Different types of weather events, including tropical cyclones (TCs), mesoscale convective systems (MCSs), and atmospheric rivers (ARs), significantly impact precipitation patterns in East Asia. This study pioneers the application of deep learning (DL) methods, including convolutional neural network, U-Net, and Attention U-Net models, to simulate precipitation associated with these weather events. The spatial permutation method is also used to identify key meteorological variables for accurately generating precipitation in DL models. The DL models trained on all timeslots consistently surpass the performance of state-of-the-art numerical simulations, although their efficacy slightly diminishes during extreme weather events. This outperformance is attributed to the appropriate emphasis on key variables that capture precipitation processes, such as low-level moisture and mid-level pressure fields. However, new DL models trained separately for TCs, MCSs, and ARs using clipped precipitation as the output does not exceed the performance of the previous DL models. Among all input features, moisture variables contribute the most to precipitation at low intensity, while the importance of other variables increases for more intense precipitation, although some discrepancies vary across models and event types. The spatial results further reveal the detailed locations of variables that are essential for accurately simulating precipitation related to weather events, such as areas of high specific humidity and strong winds. DL models could also acquire useful information from region remote to the events to improve the simulation. Overall, DL models serve as promising tools for simulating and enhancing our understanding of precipitation patterns associated with various weather events in East Asia.

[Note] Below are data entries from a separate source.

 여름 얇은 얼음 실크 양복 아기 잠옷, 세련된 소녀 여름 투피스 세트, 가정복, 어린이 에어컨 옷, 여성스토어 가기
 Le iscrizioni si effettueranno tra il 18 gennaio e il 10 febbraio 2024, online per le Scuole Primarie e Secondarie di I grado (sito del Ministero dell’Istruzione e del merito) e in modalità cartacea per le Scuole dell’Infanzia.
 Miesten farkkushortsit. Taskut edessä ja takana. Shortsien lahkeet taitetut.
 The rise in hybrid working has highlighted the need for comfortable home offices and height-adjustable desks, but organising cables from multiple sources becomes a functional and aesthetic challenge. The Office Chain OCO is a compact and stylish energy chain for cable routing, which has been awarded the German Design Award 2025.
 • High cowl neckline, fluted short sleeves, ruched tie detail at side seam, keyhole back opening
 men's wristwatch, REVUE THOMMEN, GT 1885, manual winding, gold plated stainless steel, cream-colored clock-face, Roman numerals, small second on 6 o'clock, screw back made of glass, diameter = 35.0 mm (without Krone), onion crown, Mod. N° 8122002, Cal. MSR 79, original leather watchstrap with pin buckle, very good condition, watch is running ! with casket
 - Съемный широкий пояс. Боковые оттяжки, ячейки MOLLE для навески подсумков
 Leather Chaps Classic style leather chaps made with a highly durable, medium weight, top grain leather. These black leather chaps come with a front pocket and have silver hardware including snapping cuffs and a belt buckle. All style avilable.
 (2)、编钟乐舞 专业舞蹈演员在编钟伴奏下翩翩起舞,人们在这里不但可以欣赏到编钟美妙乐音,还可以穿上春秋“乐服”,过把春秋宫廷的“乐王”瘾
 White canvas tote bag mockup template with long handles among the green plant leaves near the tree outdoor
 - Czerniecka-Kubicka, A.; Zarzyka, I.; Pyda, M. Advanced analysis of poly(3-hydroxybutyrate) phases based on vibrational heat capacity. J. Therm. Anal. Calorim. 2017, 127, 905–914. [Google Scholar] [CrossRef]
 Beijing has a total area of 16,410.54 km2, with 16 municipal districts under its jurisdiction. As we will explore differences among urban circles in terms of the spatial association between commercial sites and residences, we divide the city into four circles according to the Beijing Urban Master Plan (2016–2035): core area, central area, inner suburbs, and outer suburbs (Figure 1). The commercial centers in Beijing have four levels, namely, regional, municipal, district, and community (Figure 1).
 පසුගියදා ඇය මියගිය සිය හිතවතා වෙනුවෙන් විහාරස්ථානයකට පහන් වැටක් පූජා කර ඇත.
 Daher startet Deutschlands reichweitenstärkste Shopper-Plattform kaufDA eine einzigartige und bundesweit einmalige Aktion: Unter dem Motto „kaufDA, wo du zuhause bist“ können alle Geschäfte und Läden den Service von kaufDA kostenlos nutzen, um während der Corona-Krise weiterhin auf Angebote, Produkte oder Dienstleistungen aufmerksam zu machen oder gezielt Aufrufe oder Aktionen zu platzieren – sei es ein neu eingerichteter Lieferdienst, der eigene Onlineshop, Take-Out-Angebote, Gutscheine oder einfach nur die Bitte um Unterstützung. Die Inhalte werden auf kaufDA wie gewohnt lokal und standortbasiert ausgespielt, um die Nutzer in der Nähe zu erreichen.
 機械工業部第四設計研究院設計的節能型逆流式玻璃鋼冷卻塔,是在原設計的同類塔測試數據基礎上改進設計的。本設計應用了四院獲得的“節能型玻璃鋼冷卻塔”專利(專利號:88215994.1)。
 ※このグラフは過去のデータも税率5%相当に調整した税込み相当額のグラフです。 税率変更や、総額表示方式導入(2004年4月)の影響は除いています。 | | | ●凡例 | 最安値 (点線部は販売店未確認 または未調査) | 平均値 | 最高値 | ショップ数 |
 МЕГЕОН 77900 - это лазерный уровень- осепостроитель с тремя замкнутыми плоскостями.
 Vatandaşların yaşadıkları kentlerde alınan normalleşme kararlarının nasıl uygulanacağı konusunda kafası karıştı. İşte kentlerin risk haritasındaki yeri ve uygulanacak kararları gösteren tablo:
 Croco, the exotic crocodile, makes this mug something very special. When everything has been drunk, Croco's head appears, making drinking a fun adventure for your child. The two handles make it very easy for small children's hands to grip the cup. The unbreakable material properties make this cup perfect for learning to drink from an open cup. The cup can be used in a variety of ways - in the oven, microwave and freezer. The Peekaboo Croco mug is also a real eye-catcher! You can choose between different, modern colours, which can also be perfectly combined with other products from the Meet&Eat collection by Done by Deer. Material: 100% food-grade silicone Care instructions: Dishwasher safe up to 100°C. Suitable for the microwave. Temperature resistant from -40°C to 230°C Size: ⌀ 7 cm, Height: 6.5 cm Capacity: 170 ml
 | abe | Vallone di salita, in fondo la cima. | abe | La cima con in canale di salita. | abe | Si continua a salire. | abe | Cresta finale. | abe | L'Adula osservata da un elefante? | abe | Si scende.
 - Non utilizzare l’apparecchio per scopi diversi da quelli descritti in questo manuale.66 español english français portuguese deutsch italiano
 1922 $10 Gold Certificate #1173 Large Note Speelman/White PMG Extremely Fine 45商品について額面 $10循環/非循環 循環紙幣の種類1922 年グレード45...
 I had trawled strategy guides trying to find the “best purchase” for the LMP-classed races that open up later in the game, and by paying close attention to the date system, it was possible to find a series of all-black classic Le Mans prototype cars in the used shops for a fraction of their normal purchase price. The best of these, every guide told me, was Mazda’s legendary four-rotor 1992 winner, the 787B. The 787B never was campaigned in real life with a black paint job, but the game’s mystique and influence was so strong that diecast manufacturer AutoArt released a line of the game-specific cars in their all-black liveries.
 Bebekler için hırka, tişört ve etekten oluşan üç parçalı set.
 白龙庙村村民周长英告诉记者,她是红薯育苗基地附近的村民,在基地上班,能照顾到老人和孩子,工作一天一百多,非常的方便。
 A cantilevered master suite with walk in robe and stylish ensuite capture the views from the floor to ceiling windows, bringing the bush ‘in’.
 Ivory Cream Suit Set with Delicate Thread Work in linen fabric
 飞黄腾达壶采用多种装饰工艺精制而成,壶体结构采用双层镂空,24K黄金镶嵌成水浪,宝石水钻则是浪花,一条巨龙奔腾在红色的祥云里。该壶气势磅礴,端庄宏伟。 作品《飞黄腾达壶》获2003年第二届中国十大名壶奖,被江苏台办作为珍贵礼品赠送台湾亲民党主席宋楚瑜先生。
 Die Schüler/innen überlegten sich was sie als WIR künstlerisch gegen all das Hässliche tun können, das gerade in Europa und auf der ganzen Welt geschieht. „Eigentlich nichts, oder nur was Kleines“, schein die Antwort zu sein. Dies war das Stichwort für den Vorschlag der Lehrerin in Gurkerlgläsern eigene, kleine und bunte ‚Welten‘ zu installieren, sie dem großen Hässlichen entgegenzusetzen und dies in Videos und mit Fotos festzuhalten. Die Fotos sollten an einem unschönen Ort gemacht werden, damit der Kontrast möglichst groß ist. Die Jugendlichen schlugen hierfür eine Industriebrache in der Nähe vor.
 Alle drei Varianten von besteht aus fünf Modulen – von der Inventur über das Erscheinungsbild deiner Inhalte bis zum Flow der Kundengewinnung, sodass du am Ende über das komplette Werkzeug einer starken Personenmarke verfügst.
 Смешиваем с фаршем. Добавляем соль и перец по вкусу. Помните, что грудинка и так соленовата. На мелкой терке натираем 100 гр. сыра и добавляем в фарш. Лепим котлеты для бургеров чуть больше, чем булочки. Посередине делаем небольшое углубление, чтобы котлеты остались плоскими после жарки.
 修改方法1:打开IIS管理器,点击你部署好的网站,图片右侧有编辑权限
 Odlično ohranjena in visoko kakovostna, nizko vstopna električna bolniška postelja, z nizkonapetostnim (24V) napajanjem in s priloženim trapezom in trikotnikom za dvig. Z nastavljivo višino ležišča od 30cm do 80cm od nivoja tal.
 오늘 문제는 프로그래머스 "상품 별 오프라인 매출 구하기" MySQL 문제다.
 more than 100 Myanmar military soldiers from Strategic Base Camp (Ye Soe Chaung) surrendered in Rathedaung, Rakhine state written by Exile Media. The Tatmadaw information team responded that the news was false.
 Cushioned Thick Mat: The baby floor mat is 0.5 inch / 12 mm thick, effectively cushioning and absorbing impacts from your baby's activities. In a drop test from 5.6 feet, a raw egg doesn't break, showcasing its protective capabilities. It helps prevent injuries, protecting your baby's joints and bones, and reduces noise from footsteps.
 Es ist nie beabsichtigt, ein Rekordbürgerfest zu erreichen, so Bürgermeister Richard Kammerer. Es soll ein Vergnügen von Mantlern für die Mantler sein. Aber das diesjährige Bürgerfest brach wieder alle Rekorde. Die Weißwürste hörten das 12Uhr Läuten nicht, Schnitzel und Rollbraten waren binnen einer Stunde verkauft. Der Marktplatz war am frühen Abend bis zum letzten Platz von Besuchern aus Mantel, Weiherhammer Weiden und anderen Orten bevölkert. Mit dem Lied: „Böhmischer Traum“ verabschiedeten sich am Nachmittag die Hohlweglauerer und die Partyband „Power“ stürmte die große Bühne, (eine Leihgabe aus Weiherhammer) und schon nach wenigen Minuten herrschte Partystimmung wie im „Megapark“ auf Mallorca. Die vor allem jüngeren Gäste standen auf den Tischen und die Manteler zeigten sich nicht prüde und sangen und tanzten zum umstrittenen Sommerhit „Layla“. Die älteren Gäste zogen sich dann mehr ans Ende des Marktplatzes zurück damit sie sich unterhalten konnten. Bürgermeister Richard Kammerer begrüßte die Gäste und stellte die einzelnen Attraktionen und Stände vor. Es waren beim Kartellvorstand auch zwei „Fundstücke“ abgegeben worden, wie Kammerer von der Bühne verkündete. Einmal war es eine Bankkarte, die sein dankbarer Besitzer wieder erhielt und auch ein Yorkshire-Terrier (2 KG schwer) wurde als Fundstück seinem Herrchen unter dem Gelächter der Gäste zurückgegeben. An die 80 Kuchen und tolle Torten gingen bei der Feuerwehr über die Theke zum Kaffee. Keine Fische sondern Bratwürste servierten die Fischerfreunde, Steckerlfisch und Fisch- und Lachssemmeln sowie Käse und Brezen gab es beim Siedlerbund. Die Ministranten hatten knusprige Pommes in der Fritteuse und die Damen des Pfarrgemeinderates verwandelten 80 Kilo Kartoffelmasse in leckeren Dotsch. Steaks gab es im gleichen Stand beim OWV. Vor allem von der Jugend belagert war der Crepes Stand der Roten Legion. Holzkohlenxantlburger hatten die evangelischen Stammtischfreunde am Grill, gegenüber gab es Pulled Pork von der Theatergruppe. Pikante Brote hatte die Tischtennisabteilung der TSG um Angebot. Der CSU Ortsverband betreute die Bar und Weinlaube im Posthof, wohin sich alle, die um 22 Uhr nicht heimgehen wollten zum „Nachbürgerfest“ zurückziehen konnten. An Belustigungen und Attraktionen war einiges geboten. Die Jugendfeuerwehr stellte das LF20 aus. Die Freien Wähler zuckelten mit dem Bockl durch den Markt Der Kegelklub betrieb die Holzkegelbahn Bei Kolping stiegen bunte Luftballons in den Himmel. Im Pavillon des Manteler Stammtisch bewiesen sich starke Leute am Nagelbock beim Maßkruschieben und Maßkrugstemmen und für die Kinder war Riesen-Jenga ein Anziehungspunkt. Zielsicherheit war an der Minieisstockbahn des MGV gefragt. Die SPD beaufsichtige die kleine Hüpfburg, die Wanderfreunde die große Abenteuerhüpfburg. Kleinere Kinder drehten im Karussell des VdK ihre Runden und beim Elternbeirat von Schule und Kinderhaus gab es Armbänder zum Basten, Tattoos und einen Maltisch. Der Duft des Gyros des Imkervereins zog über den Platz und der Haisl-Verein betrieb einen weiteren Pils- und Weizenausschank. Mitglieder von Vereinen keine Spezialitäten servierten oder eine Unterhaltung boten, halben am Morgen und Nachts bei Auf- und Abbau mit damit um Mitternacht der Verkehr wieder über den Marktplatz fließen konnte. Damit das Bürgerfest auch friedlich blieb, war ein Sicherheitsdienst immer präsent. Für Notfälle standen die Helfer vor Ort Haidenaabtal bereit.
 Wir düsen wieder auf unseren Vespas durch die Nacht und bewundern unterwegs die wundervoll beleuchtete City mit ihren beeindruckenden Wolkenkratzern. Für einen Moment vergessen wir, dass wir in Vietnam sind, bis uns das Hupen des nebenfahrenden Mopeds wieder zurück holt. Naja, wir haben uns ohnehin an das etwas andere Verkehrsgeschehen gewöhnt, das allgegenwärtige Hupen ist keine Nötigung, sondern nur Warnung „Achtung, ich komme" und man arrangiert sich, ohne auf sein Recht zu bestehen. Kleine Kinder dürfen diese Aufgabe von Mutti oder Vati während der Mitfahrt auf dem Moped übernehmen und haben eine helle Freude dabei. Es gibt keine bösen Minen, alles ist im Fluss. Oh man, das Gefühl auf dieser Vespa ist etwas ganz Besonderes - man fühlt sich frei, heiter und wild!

基于深度学习的热带气旋、中尺度对流系统和东亚大气河流降水模拟
不同类型的天气事件,包括热带气旋(TCs)、中尺度对流系统(MCSs)和大气河流(ARs),都会对东亚地区的降水模式产生重大影响。本研究率先应用了深度学习(DL)方法,包括卷积神经网络、U-Net 和 Attention U-Net 模型,来模拟与这些天气事件相关的降水。此外,还采用了空间排列法来确定关键气象变量,以便在 DL 模型中准确生成降水。在所有时间段上训练的 DL 模型的性能始终超过最先进的数值模拟,尽管在极端天气事件中其功效略有下降。之所以取得如此优异的成绩,是因为适当强调了捕捉降水过程的关键变量,如低层水汽和中层气压场。然而,使用剪切降水量作为输出,分别为热带气旋、多云天气和短时强降水训练的新 DL 模型的性能并没有超过以前的 DL 模型。在所有输入特征中,水汽变量对低强度降水的贡献最大,而其他变量对高强度降水的重要性有所增加,但不同模式和事件类型之间存在一些差异。空间结果进一步揭示了对准确模拟与天气事件有关的降水至关重要的变量的详细位置,如高比湿区域和强风区域。DL 模式还可以从远离事件发生的地区获取有用信息,以改进模拟。总之,DL 模式是模拟和加强我们对东亚各种天气事件相关降水模式的了解的有前途的工具。
本文章由计算机程序翻译,如有差异,请以英文原文为准。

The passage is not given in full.